Regulator’s role and mock recalls
In most cases, New Zealand Food Safety recommends a consumer-level recall if the product has a food safety problem and has been sold to the public and a trade-level recall if it has not been sold to consumers. A withdrawal can be done if it is not a food safety issue.

The Ministry for Primary Industries (MPI) is also developing a video about how to do a food recall, and an online tool to help companies meet the requirements.

Businesses with a food control plan or national program, and importers and exporters must tell New Zealand Food Safety as soon as possible after deciding to recall but no later than 24 hours after making the decision.

Guidance includes information about how to practice food recalls to make them easier to deal with when they happen, said Arbuckle.

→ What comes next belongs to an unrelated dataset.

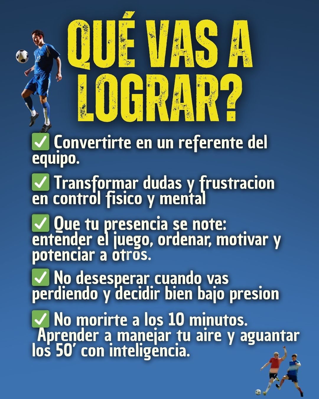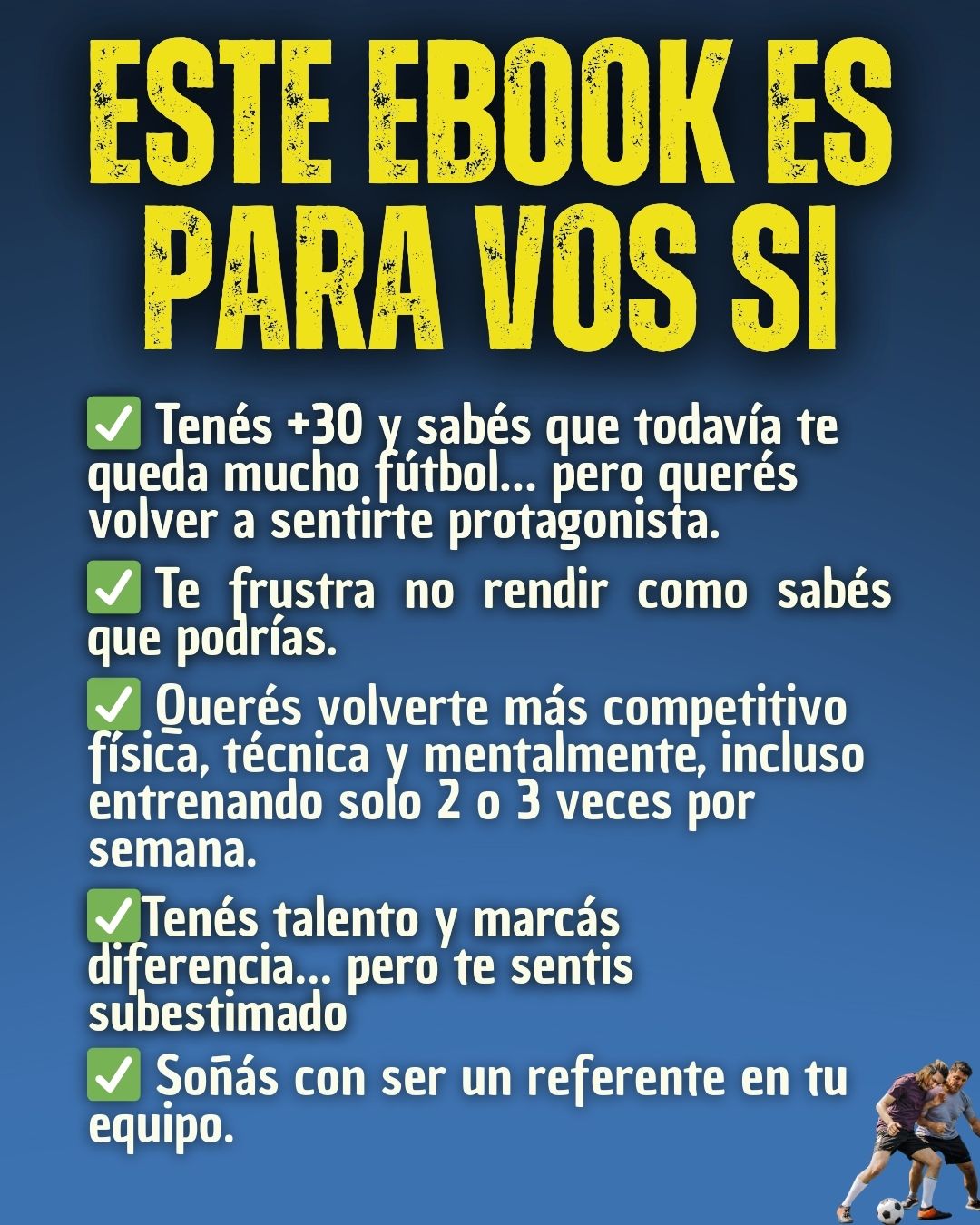 👉 Si bien está pensado para jugadores amateur de fútbol 7 que no tuvieron experiencia en clubes que quieren mejorar su rendimiento y ser mas competitivos frente a jugadores + jovenes. Tambien pueden beneficiarse todo tipo de jugadores desde adolescentes en adelante., ya que el ebook contiene muchos conceptos que son unicos de la experiencia y no son transmitidos en academias ni entrenamientos.
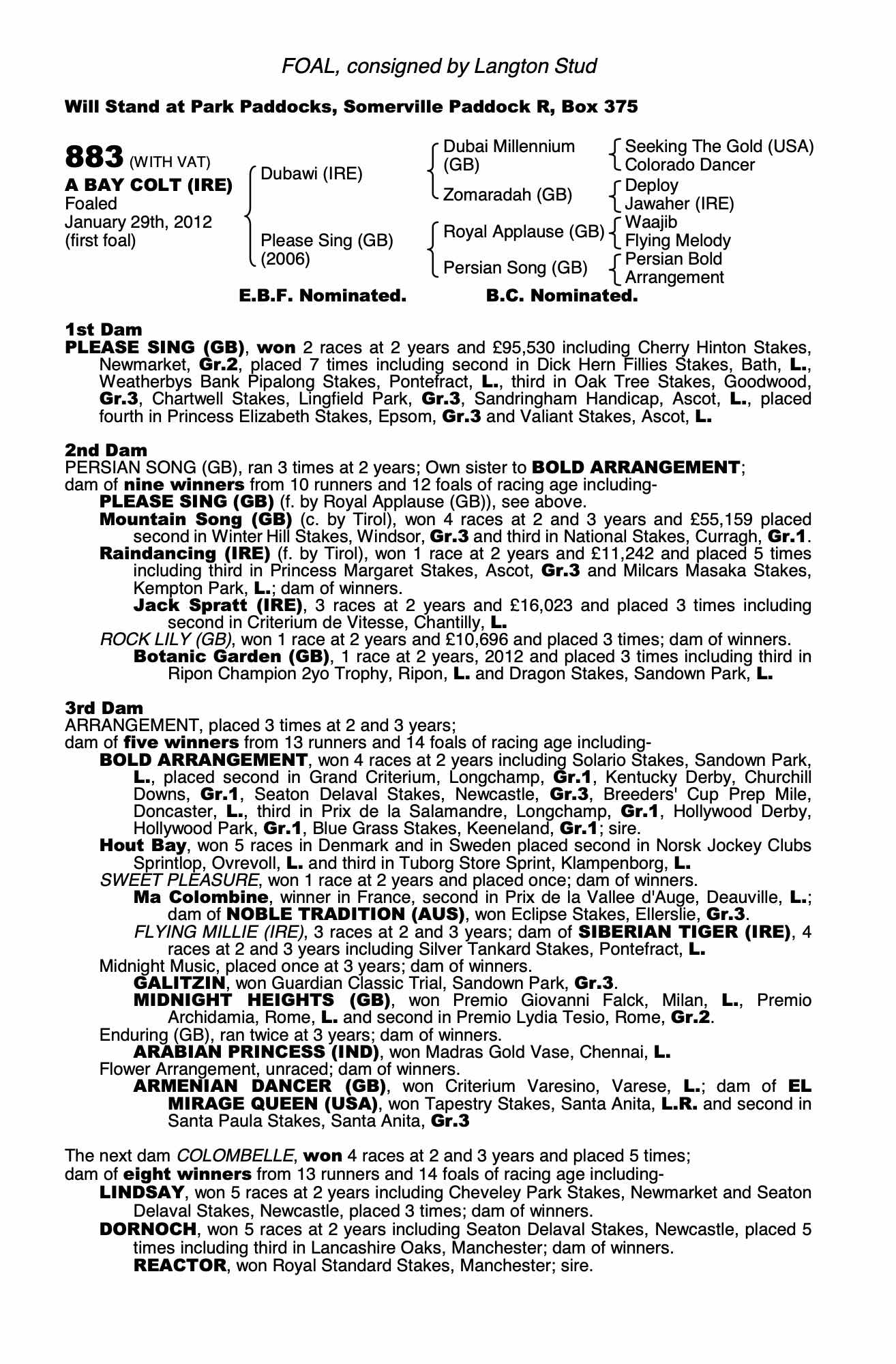 December Foal Sale 2013 lot 878 F. by Invincible Spirit (IRE) 2013, Langton Stud=>One Agency 120,000 gns

“These practice recalls work in a similar way to fire drills by ensuring processes are working and helping to identify problems before they arise,” he said.

“The best way people at home can prepare for food recalls is by having up-to-date information on recalls underway. That is particularly the case for those who have food allergies or are vulnerable to foodborne illness, including the very young, the elderly, pregnant women and those with compromised immune systems.”

When the recall has been completed, MPI audits the process to see if it could have been done better and looks for improvements to food safety practices that could have avoided it in the first place.

Shellfish biotoxin alert
MPI has also issued a public health warning advising people not to collect or consume shellfish harvested from all of Crail Bay in the Marlborough Sounds.

Routine tests on shellfish samples from the region have shown levels of Paralytic Shellfish Poisoning (PSP) toxins above the safe limit of 0.8 milligrams per kilogram set by MPI.

Mussels, oysters, tuatua, pipi, toheroa, cockles, scallops, catseyes, kina (sea urchin) and all other bivalve shellfish should not be eaten. Cooking them does not remove the toxin.

Symptoms typically appear between 10 minutes and three hours after ingestion and may include numbness and a tingling around the mouth, face, and hands and feet, difficulty swallowing or breathing, dizziness, headache, nausea, vomiting, diarrhea, paralysis and respiratory failure.

Commercially harvested shellfish sold in shops and supermarkets, or exported are not affected.